(Task directions) Output the data below exactly, without images.

(Data block)
◇ ◇ ◇ ◇
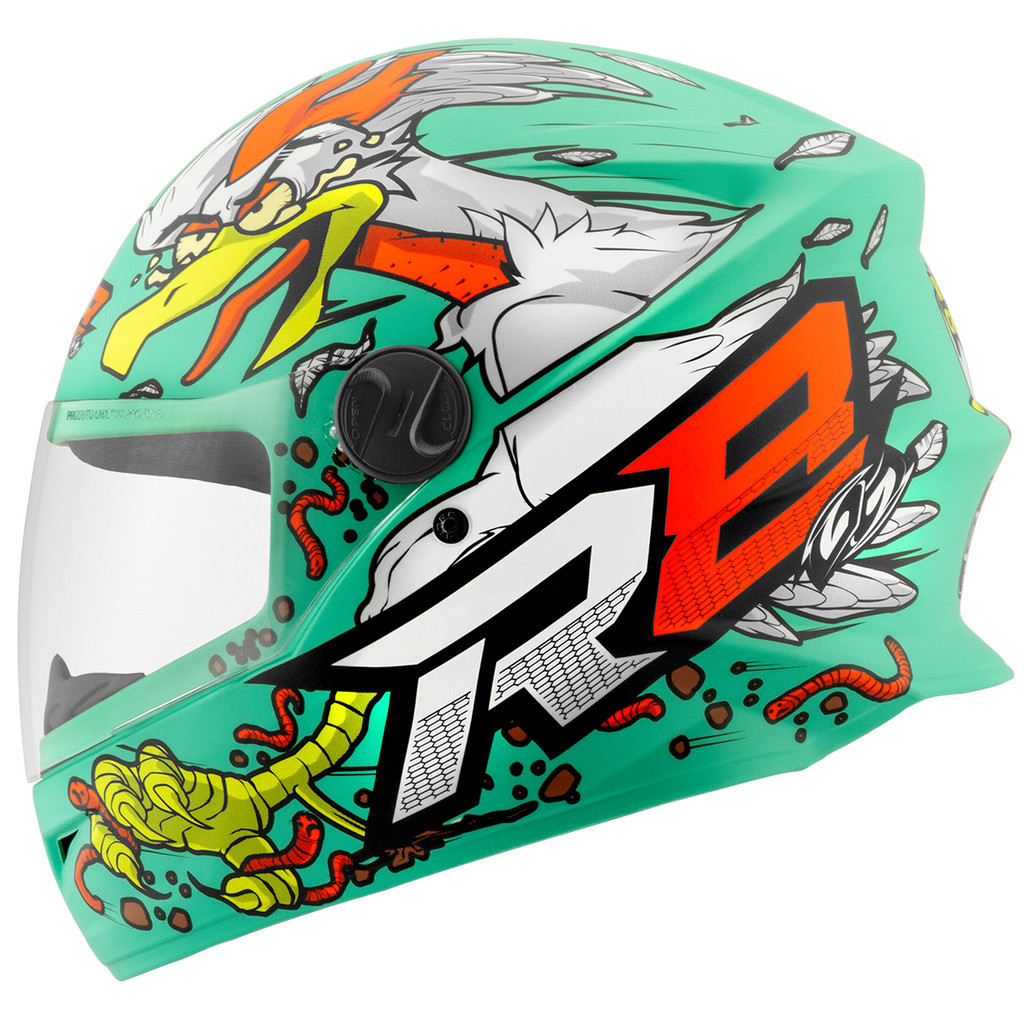 Capacete Moto Integral Esportivo Fechado Pro Tork R8 Rocket Chicken Fosco Viseira Cristal Transparente Masculino Feminino Personalizado Desenho Galinho Frango
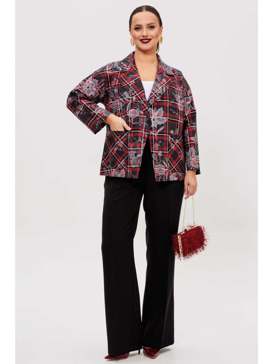 Жакет прямого силуэта со спущенной линией плеча, выполнен из костюмной ткани в клетку с принтом имитация вышивки (не тянется). По переду нагрудная вытачка, накладные карманы, центральная застежка на одну петлю-пуговицу. Горловина оформлена воротником пиджачного типа с лацканом. Спинка со средним швом. Рукава одношовные, длиной 7/8. Жакет без подкладки.
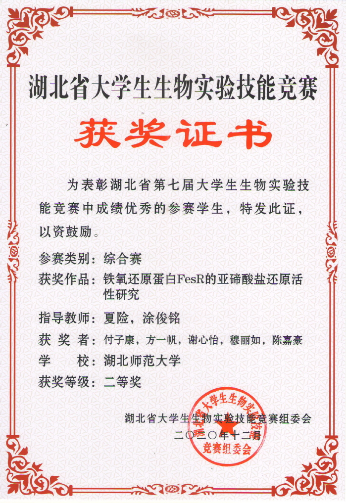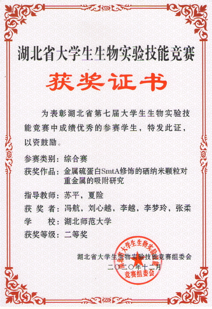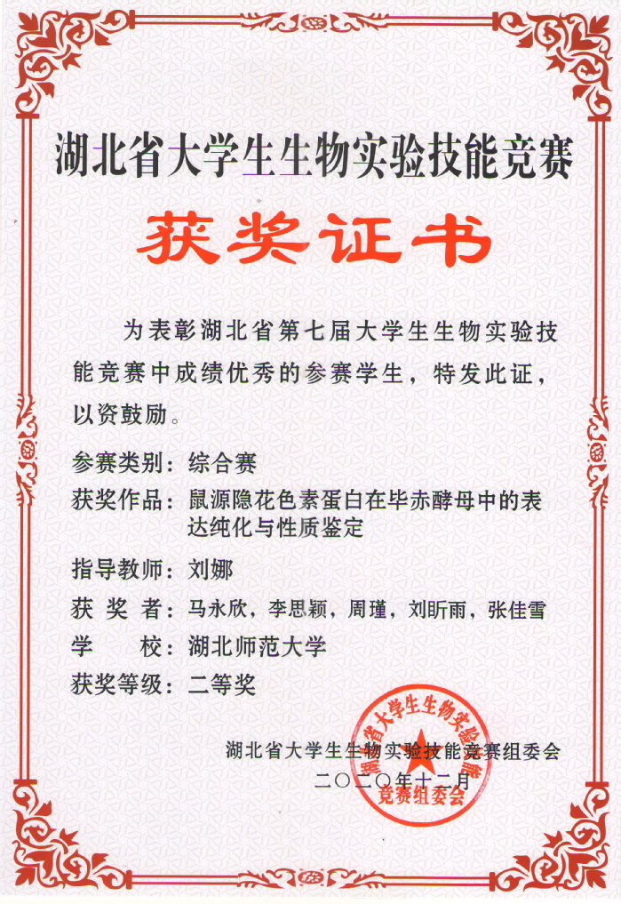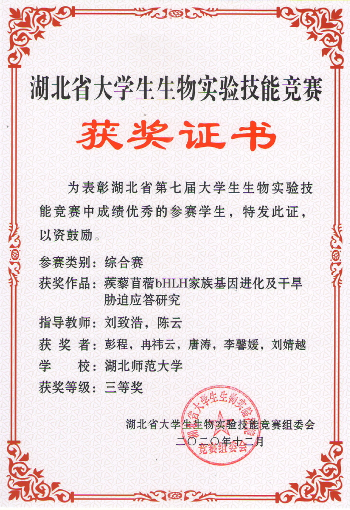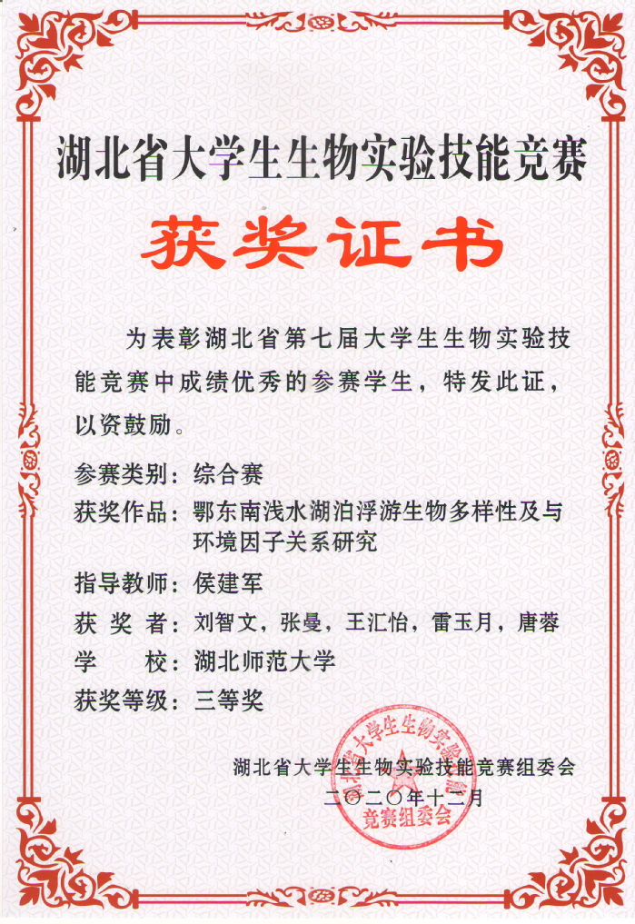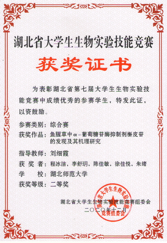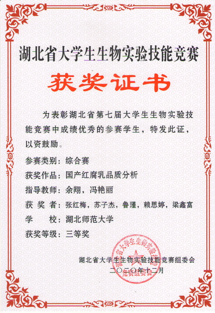 2020湖北省大学生生物实验技能竞赛综合赛获奖证书
◇ ◇ ◇ ◇
(Result)
 Capacete Moto Integral Esportivo Fechado Pro Tork R8 Rocket Chicken Fosco Viseira Cristal Transparente Masculino Feminino Personalizado Desenho Galinho Frango
 Жакет прямого силуэта со спущенной линией плеча, выполнен из костюмной ткани в клетку с принтом имитация вышивки (не тянется). По переду нагрудная вытачка, накладные карманы, центральная застежка на одну петлю-пуговицу. Горловина оформлена воротником пиджачного типа с лацканом. Спинка со средним швом. Рукава одношовные, длиной 7/8. Жакет без подкладки.
 2020湖北省大学生生物实验技能竞赛综合赛获奖证书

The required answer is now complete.